Work task =>
Write out all of the records below precisely as given, omitting the images.

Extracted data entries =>
----
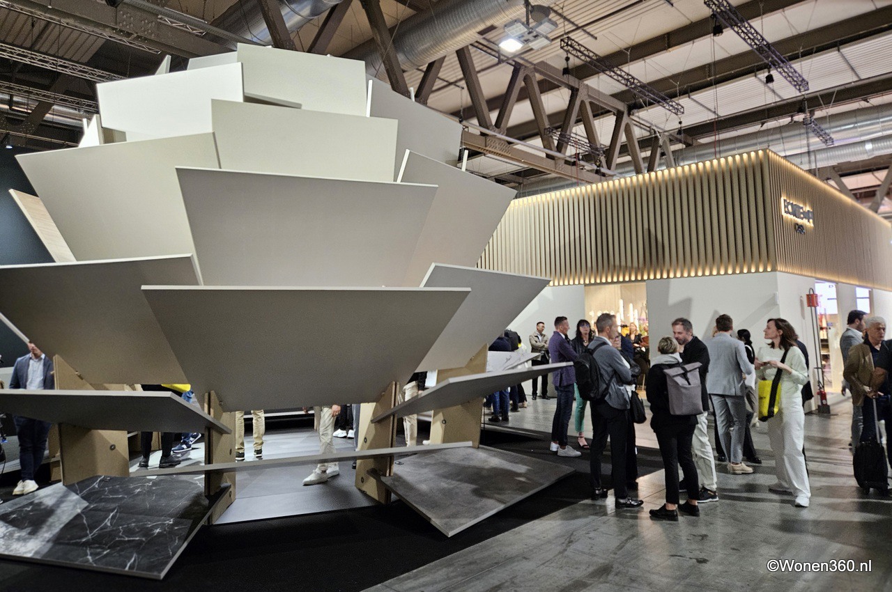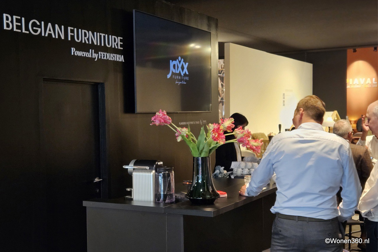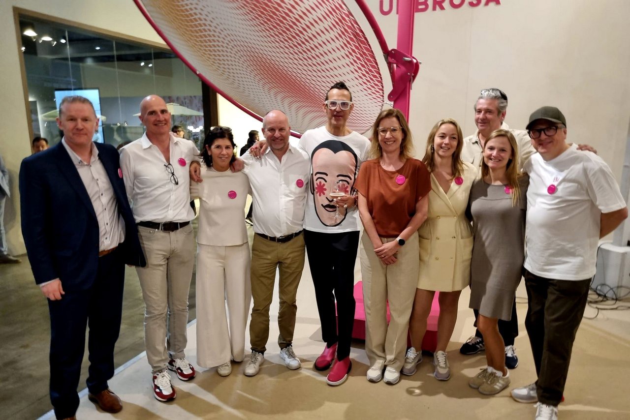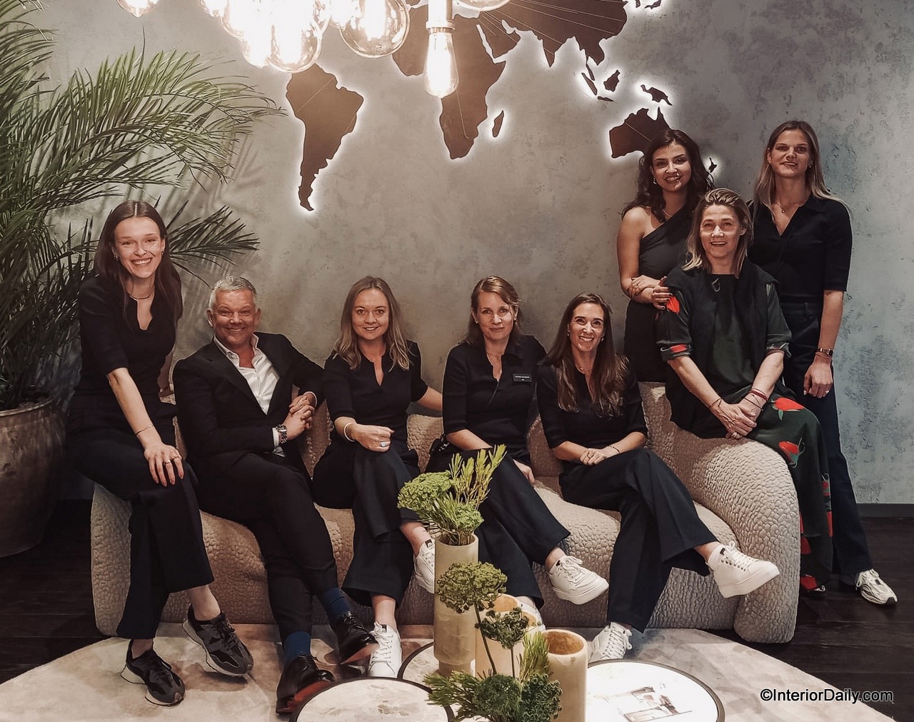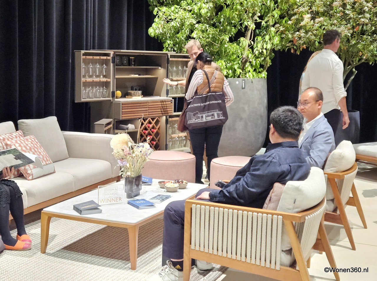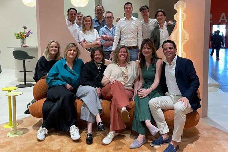 Groepsfoto op de stand van Muundo & Paul Rogers. Op de voorgrond is de Tone-tafel te zien van het merk Muundo.
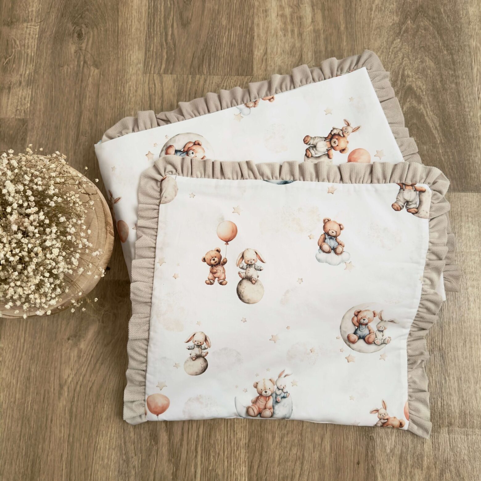 Kołderka uszyta jest z wysokiej jakości bawełny PREMIUM oraz milutkiego w dotyku materiału VELVET całość wykończona delikatną falbanką.
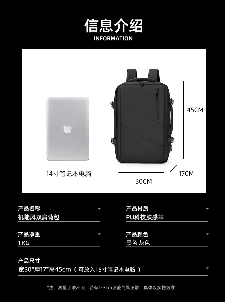 배낭 남성 비즈니스 배낭 대용량 여행 수하물 가방 16.1 인치 노트북 가방
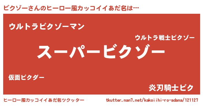 | 女子向けラノベタイトル風あだ名 | 『ビクゾー姫と円卓の騎士』 |
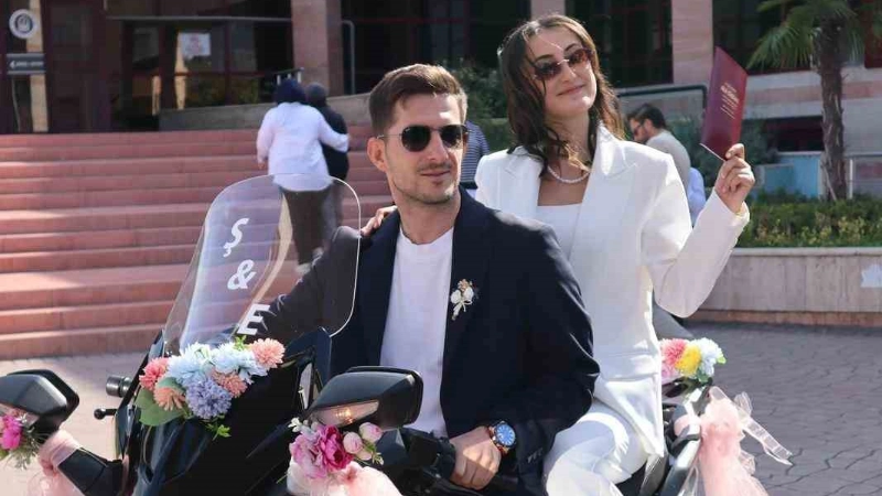 Nikâhın ardından motosikletlerini çiçek ve tüllerle süsleyen çift, düğün konvoyuna ilginç bir renk kattı. Gelinlik yerine beyaz takım tercih eden Şule Albayrak Çağın ve damat Emre Çağın, süslenmiş motosikletleriyle şehir turuna çıktı. Renkli görüntülere sahne olan anlarda çevredeki vatandaşlar çifti alkışlayarak mutluluklarına ortak oldu.
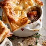 Daarom zijn deze individuele stoofvlees bakjes met bladerdeeg perfect voor de feestdagen, of gewoon een etentje natuurlijk. Ik heb ervoor gekozen om de vulling in ovenbestendige bakjes (je kunt ook ramekins gebruiken) te doen, maar je kunt de vulling ook in pastei bakjes doen.
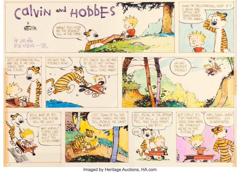 The 1987 Sunday strip that sold Thursday is quintessential Calvin and Hobbes, beginning with the boy and his best friend perched atop a hill, hoping their red wagon will hurtle them into a time warp and a future filled with "flying cars and cities built on clouds, maybe!" Calvin, forever the only child looking for a way to escape into a different time or a better, more exciting place, instead finds himself at the bottom of the hill – two minutes into the future, better than nothing. "Things haven't improved," says Hobbes. "I'm disappointed."
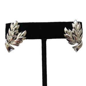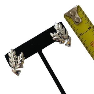 Coro Wheat Earrings Silver Tone Feather Clip On Rococo Baroque Swirled Floral.
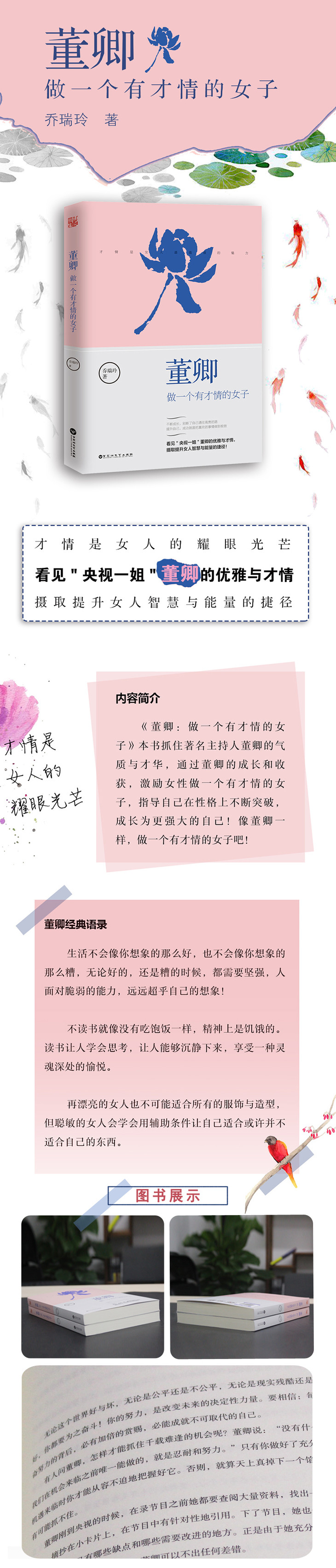 《董卿:做一个有才情的女子》本书抓住著名主持人董卿的气质与才华,通过董卿的成长和收获,激励女性做一个有才情的女子,指导自己在性格上不断突破,成长为更强大的自己!像董卿一样,做一个有才情的女子吧!
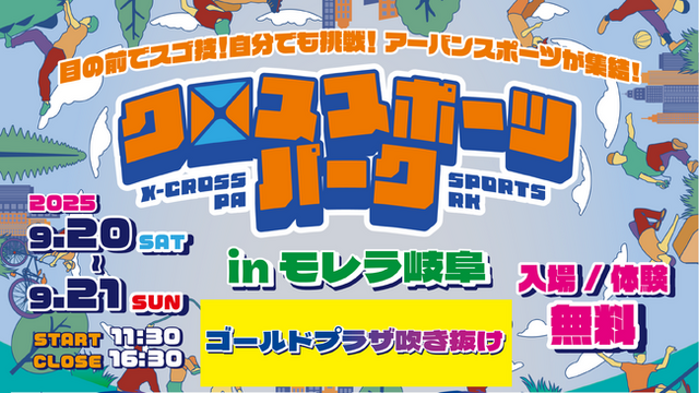 株式会社MoveX(本社:東京都品川区)は、プロの圧巻パフォーマンスと多彩なスポーツ体験を無料で楽しめるイベント「クロススポーツパーク in モレラ岐阜」を、2025年9月20日(土)・21日(日)の2日間、モレラ岐阜(岐阜県本巣市)にて開催します。
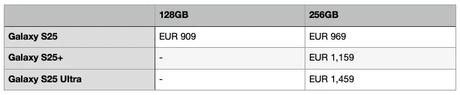 W nowym raporcie Gizmochina twierdzi, że anonimowe źródło udostępniło dokumenty, które ujawniają ceny serii Galaxy S25 na rynek europejski. Oto ceny, które ujawnia dla Galaxy S25, Galaxy S25+ i Galaxy S25 Ultra.
----
Answer box =>
 Groepsfoto op de stand van Muundo & Paul Rogers. Op de voorgrond is de Tone-tafel te zien van het merk Muundo.
 Kołderka uszyta jest z wysokiej jakości bawełny PREMIUM oraz milutkiego w dotyku materiału VELVET całość wykończona delikatną falbanką.
 배낭 남성 비즈니스 배낭 대용량 여행 수하물 가방 16.1 인치 노트북 가방
 | 女子向けラノベタイトル風あだ名 | 『ビクゾー姫と円卓の騎士』 |
 Nikâhın ardından motosikletlerini çiçek ve tüllerle süsleyen çift, düğün konvoyuna ilginç bir renk kattı. Gelinlik yerine beyaz takım tercih eden Şule Albayrak Çağın ve damat Emre Çağın, süslenmiş motosikletleriyle şehir turuna çıktı. Renkli görüntülere sahne olan anlarda çevredeki vatandaşlar çifti alkışlayarak mutluluklarına ortak oldu.
 Daarom zijn deze individuele stoofvlees bakjes met bladerdeeg perfect voor de feestdagen, of gewoon een etentje natuurlijk. Ik heb ervoor gekozen om de vulling in ovenbestendige bakjes (je kunt ook ramekins gebruiken) te doen, maar je kunt de vulling ook in pastei bakjes doen.
 The 1987 Sunday strip that sold Thursday is quintessential Calvin and Hobbes, beginning with the boy and his best friend perched atop a hill, hoping their red wagon will hurtle them into a time warp and a future filled with "flying cars and cities built on clouds, maybe!" Calvin, forever the only child looking for a way to escape into a different time or a better, more exciting place, instead finds himself at the bottom of the hill – two minutes into the future, better than nothing. "Things haven't improved," says Hobbes. "I'm disappointed."
 Coro Wheat Earrings Silver Tone Feather Clip On Rococo Baroque Swirled Floral.
 《董卿:做一个有才情的女子》本书抓住著名主持人董卿的气质与才华,通过董卿的成长和收获,激励女性做一个有才情的女子,指导自己在性格上不断突破,成长为更强大的自己!像董卿一样,做一个有才情的女子吧!
 株式会社MoveX(本社:東京都品川区)は、プロの圧巻パフォーマンスと多彩なスポーツ体験を無料で楽しめるイベント「クロススポーツパーク in モレラ岐阜」を、2025年9月20日(土)・21日(日)の2日間、モレラ岐阜(岐阜県本巣市)にて開催します。
 W nowym raporcie Gizmochina twierdzi, że anonimowe źródło udostępniło dokumenty, które ujawniają ceny serii Galaxy S25 na rynek europejski. Oto ceny, które ujawnia dla Galaxy S25, Galaxy S25+ i Galaxy S25 Ultra.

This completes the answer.